Business owners should start by reviewing their anti-fraud strategy that clearly defines objectives, responsibilities, and processes. This strategy should outline how the company plans to meet its legal requirements to prevent fraud. It should also place employees at the centre of the failure to prevent fraud measures.

Employees play a key role in preventing fraud, and business owners should encourage a culture where employees feel comfortable reporting suspicious activity without fear of retaliation. Whistleblower protection policies can be an effective addition to ensure this.

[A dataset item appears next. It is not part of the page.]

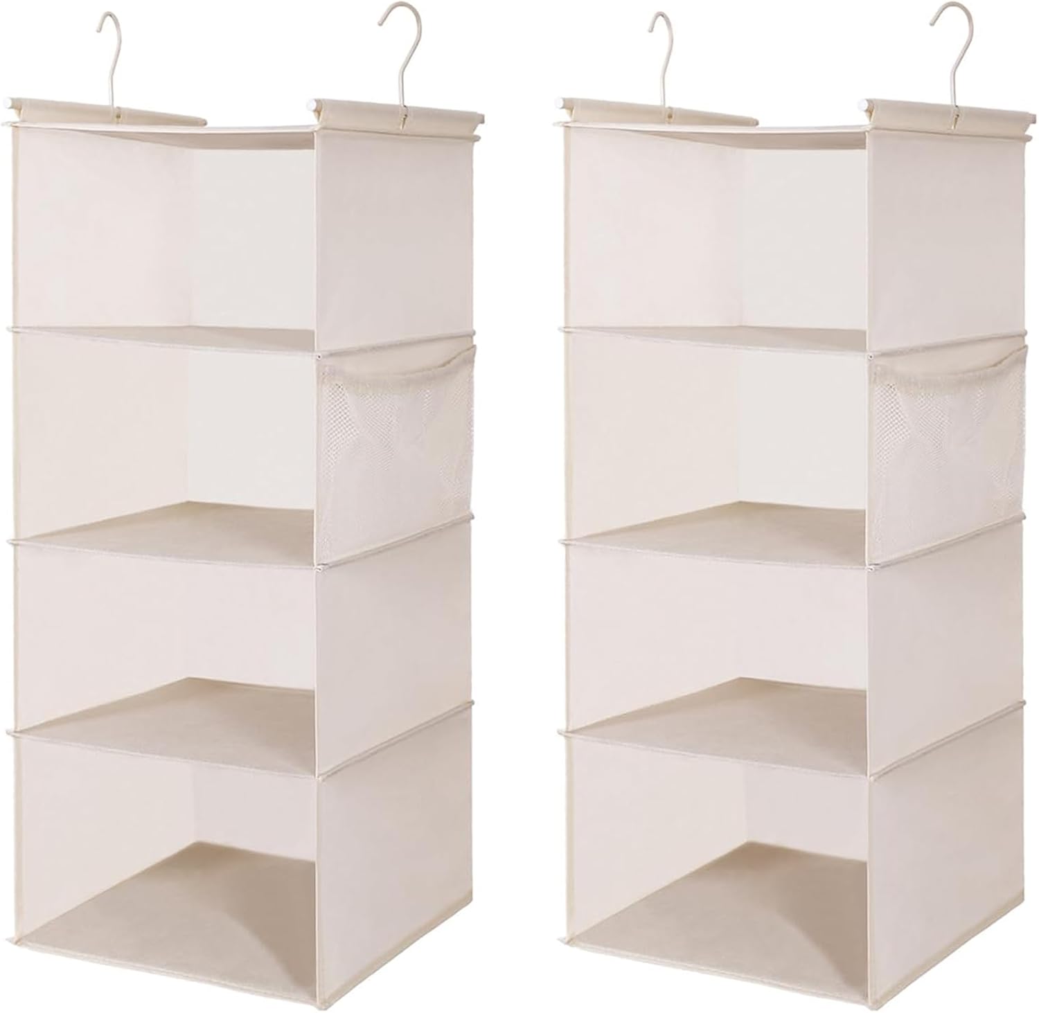 MAX Houser 4 Tier Shelf Hanging Closet Organizer, Closet Hanging Shelf with 2 Sturdy Hooks for Storage,2 Pack, Foldable (Beige)

Utilising fraud detection software and automated compliance tools can also strengthen an organisation’s ability to monitor and detect fraudulent activity. Technology can assist in analysing large volumes of data for anomalies and issuing alerts when potential fraud is detected. This strategy should be executed by a dedicated officer or team who can oversee the implementation of these measures and can ensure continuity and accountability. This individual or group should be responsible for coordinating training, monitoring activities, and updating procedures as needed.

Implications for business owners

The introduction of the failure to prevent fraud offence carries significant implications for business owners. If an associated person commits fraud, and the company cannot prove it had reasonable procedures in place, it could face prosecution. This may result in fines, reputational damage, and a loss of business confidence. Therefore, establishing robust fraud prevention measures is not only a compliance requirement but also a strategic one.

Implementing these measures may require changes in company policies, processes, and the allocation of resources. Business owners should anticipate costs related to training, technology investment, and compliance consultancy. However, these expenditures are a long-term investment in safeguarding the organisation’s financial health and legal compliance and should be viewed as such.

The Economic Crime and Corporate Transparency Act 2023 represents a major shift in corporate responsibility, placing a greater onus on organisations to prevent fraud. With the enforcement date set for 1st September 2025, business owners have little time left to align their operations with the new requirements and should look at this as a matter of urgency. By adhering to the government’s guidance, companies can not only prevent fraud but also demonstrate their commitment to ethical practices and foster a culture of transparency and integrity.